Я пытался, между прочим, найти подтверждение или, наоборот, опровержение идеи Алексея Ключинского об убийстве его брата хулиганами. Расспросил, не захаживают ли сюда босяки и «посадские». Нет, оказывается, село от города далеко и от проезжей дороги в стороне.
— Ну, а свои парни не озорничают здесь? Может быть, кто-нибудь по злобе или спьяну?
Крестьяне энергично и с негодованием отвергли это предположение. Антон Спиридонов наиболее словоохотливый между ними, даже сказал:
— Ты, барин, на людей зря не греши! Суди по справедливости, по-божески. Зачем парням его убивать? Чать, крест на шее тоже носят. Вот Алексей Алексеич, у того первое слово: с озорства убили! Так зато он и выходить человек неправильный. Взять, к примеру, о потраве: мы ему говорим, как скотину устережёшь, а он…
Дальше пошли рассуждения на хозяйственные темы, которые я поспешил перебить. Но, всё же, ответы крестьян на меня произвели определенное впечатление. К тому же, Владимир, вовсе и не был помещиком. А потому и счетов с крестьянами у него быть не могло.
На следующее утро мне пришлось уехать из Воскресенского. На самом выезде из села, где, казалось, снегу было ещё больше, чем в других местах, я повстречал молодую интеллигентную девушку вместе с моим вчерашним приятелем и помощником, Антоновым сынишкой. Оба, пропуская мои сани, сошли с дороги и увязли при этом в снегу чуть не по пояс.
Девушка была настоящая красавица с тонким стройным станом, высокая, с большими серыми глазами, с нежным румянцем и толстой каштановой косой.

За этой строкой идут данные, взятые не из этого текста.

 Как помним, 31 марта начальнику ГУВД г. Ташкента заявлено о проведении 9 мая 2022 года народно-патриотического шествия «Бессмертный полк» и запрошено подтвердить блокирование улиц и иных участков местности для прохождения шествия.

— Кто это? — спросил я с любопытством своего кучера.
— Учительница наша, Вера Сергеевна.
— Красивая у вас учительница… А Ключинские с ней знакомы были?
Кучер мой улыбнулся во всю ширину лица:
— Алексей Алексеич нашу учительницу так не любит, что и на порог её не пустил бы! — И прибавил, подумав: — Она у нас хорошая.
— А Владимир покойный?
— Тот знакомство вёл. Хорошая барышня и правильная.

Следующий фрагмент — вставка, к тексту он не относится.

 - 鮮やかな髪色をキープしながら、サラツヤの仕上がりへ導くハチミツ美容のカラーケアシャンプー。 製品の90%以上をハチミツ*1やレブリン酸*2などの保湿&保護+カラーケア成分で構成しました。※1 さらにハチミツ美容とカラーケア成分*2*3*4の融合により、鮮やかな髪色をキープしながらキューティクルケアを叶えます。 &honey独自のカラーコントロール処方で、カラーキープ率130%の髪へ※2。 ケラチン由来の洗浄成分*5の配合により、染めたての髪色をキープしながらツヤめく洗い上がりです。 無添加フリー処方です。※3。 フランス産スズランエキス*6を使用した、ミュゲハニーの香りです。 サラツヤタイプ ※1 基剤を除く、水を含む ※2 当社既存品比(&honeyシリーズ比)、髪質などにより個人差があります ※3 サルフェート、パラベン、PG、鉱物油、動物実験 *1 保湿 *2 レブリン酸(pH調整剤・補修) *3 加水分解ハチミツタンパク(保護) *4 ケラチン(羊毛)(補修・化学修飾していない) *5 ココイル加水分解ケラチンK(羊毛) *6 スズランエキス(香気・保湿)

На этом наш разговор и кончился… И если б я мог тогда знать, как я в эту минуту был близок от… Впрочем, всё по порядку.
III
К делу об убийстве Ключинского я не мог вернуться целых три недели. Знаете следовательскую жизнь? Маешься, маешься, точно белка в колесе.
За это время был подготовлен протокол вскрытия. Врач, которого я возил в Воскресенское, был человек малоопытный. В протоколе чего только не было! И печёнка-то увеличена, и селезенка не в порядке… А по существу дела только и было, что смерть последовала от пули, выпущенной, по-видимому, из револьвера с небольшого расстояния, приблизительно около 8 часов вечера.
На этом пункте и застряло наше дело…
И вот однажды вечером в клубе познакомился я с одним господином: так себе — франтик, худенький, прилизанный, ничего особенного на вид.